Citing another national embarrassment, IEEFA said Guyanese authorities mishandled an audit into Exxon’s expenses totalling US$1.6B and incurred from 1999 to 2017. Auditors had said there was over US$214M in questionable spending but back-door talks saw the costs being reduced to US$3M. When the local media exposed this, it was only then that a probe was launched and government officials clarified that they will stick by the US$214M that was flagged in a report compiled by British consultancy group, HIS Markit.
“So imagine, a simple matter like an audit has been turned into a complete disaster because of incompetence,” IEEFA commented. The US think tank said it remains to be seen if Chevron will be a better partner because they have deeper pockets than Hess.
Chevron had said on Monday that it is buying out all the outstanding shares at Hess Corporation for US$53 billion, or US$171 per share. During a call with its shareholders, Chevron dubbed the Stabroek Block as “an extraordinary asset with industry leading cash margins and low carbon intensity that is expected to deliver production growth into the next decade.”

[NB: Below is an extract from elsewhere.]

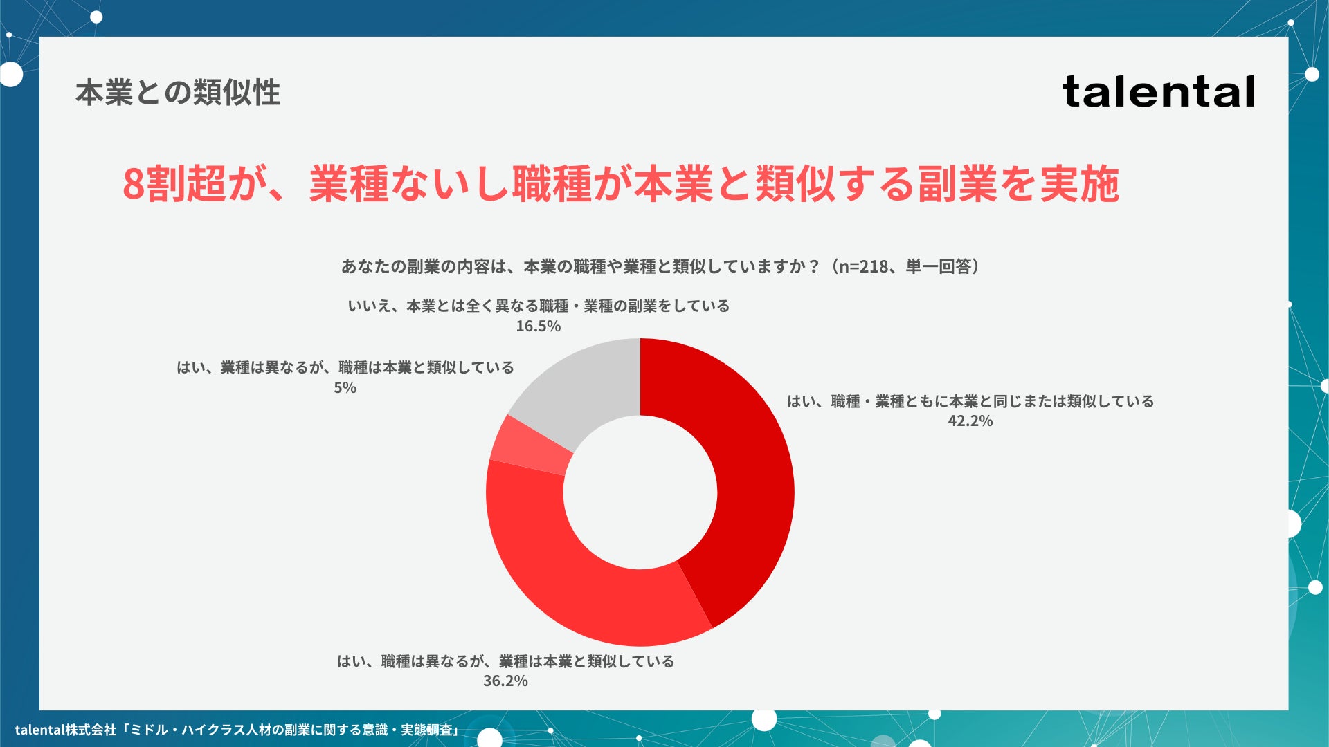 また、本業との類似性について聞いたところ、8割超が本業と業種もしくは職種のいずれが類似しているという結果になりました。

As a result of this deal, Chevron said it intends to recommend an increase to its first quarter dividend per share of 8% to US$1.63, which will be subject to the approval of the Chevron Board of Directors. It also plans to increase share repurchases by US$2.5 billion to the top end of its guidance range of US$20 billion per year in a continued upside oil price scenario.
In the Stabroek Block which stretches a massive 6.6 million acres, ExxonMobil is the operator with a 45 percent working interest while China National Offshore Oil Corporation (CNOOC) holds 25 percent. Since oil production commenced in December 2019 at the Stabroek Block’s Liza Phase One Project, Exxon successfully started another, the Liza Phase Two, in February 2022. Both projects are producing about 400,000 barrels of oil per day. Exxon and partners are also targeting over 1.2 million barrels of oil by 2027, making Guyana’s Stabroek Block, one of the world’s fastest-ever oil development hotspots.